Anbieter nennen Urlaub im Kriegsgebiet „philantrophischen Einsatz“

Beworben wird das Business zynisch als „Philantrophischer Einsatz“ und „Humanitäre Hilfe“, da die Reisenden helfen können, medizinisches Material in die Kampfgebiete zu bringen. Die Angebote richten sich an Journalisten, NGOs und zahlungskräftige Privatpersonen. Nach eigenen Angaben hat War Zone Tours „fünf bis zehn Anfragen pro Tag“. Geschäftsführer Rick berichtet im TV-Interview: „Die Leute wollen an die Orte, die in den Nachrichten genannt werden. Wenn es in Somalia Krieg gibt, wollen alle nach Somalia; wenn es im Irak knallt, wollen alle in den Irak.“

Da gibt es die Adrenalin-Junkies, denen S-Bahn-Surfen oder Fallschirmspringen zu langweilig und nicht exklusiv genug ist. Eine Teilnehmerin schwärmt in Afghanistan davon, wie cool es sei, sich „wie in einem Bruce-Willis-Film“ zu fühlen. Und dann gibt es diejenigen mit einem bizarr übersteigerten Helfersyndrom, die sich einbilden, die Menschen in verwüsteten Orten würden gerade auf Typen warten, die mal ein bißchen Kriegsreporter spielen möchten.
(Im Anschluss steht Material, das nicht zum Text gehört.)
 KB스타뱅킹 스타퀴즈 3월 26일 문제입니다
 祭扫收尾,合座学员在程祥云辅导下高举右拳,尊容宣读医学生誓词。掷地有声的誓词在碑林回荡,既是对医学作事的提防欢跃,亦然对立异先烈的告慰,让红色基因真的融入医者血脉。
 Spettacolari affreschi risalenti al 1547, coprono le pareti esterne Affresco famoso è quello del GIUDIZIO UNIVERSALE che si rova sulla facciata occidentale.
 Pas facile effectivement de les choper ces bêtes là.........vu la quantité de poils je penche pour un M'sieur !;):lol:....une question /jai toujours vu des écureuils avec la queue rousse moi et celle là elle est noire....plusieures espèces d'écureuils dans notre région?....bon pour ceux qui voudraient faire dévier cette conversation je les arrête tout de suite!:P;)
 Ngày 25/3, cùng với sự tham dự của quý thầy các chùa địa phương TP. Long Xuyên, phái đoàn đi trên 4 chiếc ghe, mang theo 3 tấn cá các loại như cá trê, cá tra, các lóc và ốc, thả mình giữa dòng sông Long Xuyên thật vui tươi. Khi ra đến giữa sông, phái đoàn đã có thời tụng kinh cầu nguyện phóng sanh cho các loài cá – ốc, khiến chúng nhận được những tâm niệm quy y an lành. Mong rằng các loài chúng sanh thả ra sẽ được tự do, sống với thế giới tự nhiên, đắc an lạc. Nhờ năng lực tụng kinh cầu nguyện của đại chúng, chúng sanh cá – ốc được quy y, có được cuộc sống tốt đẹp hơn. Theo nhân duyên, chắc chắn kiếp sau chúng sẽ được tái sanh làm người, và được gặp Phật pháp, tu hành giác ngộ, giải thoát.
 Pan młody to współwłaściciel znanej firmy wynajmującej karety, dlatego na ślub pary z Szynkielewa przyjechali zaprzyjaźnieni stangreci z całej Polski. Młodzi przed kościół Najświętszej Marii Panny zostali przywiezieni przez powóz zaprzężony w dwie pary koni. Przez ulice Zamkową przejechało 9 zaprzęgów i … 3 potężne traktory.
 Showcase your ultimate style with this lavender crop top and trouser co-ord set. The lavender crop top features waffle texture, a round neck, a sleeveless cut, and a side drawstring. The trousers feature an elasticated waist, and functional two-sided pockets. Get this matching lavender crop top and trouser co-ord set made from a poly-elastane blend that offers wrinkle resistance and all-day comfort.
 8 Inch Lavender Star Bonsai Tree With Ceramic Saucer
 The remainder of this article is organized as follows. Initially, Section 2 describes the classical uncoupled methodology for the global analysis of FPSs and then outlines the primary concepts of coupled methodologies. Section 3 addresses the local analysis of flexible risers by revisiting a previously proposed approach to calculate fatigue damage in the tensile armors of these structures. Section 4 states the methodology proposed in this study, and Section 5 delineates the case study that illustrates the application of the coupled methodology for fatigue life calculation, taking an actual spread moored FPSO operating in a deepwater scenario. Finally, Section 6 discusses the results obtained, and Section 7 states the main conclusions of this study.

Das führt zuweilen zu brisanten Situationen: Mehrfach wurden Touristen von schnell anwachsenden wütenden Mengen umkreist und bedroht. In einem syrischen Elendslager, in dem von IS-Barbaren gezeugte Kinder vegetieren, wurde es für eine Reiseteilnehmerin höchste Zeit zu verschwinden, als schon die ersten Steine auf sie geworfen wurden. Zum Glück werden die Extremreisenden von bewaffneten Ortskräften begleitet.

„Wenn man das einmal erlebt hat, findet man nicht mehr in sein normales Leben zurück“

Ein Geschäftsmann aus München gründete sogar den Internationalen Kongreß der Extremreisenden (Extreme Travellers International Congress, ETIC), der ganz passend mal in Grosny, in Mogadischu oder Bagdad stattfindet. Ein Teilnehmer schwärmt in einer britischen Arte-Doku: „Wenn man das einmal erlebt hat, findet man nicht mehr in sein normales Leben zurück.“ Kriegstrauma als kinky Wohlstands-Feeling, wie cool.

Der britische Bauunternehmer sammelt übrigens schicke Souvenirs wie Raketentrümmer aus Tschetschenien, Menschenknochen aus dem Sudan. Eine Italienerin ist begeistert, daß sie mit afghanischen Milizen posieren darf (ob das nun „Freiheitskämpfer“ oder „Terroristen“ sind, ist Ansichtssache) und erklärt, sie liebe es nun einmal „rauh, roh und real“. Die internationalen Anbieter reagieren schnell auf Krisen: Golden Globe Tours bietet aktuell als „Conflict Zone Trip“ eine „kulinarische und politische“ Reise nach Ramallah, Hebron, Jerusalem und zu den Golanhöhen an, bei der man etwas „über den politischen Konflikt in Palästina“ lernen kann.

Aber vielleicht sind Hooligans oder Antifa auch nur Kriegsersatz für friedensmüde junge Hobbykrieger. Das ist doch überhaupt die Geschäftsidee: Risiko-Reisen in deutsche Städte. Aktuelle Angebote: „Nachts auf irgendeinem Hauptbahnhof“, „1. Mai in Berlin-Kreuzberg“, „Bus & Bahn mit Messermann“, „Jump’n’Run im Görli, Drogenhalbpension inklusive“. Buchen Sie das prickelnde Erlebnis zerrütteter innerer Sicherheit!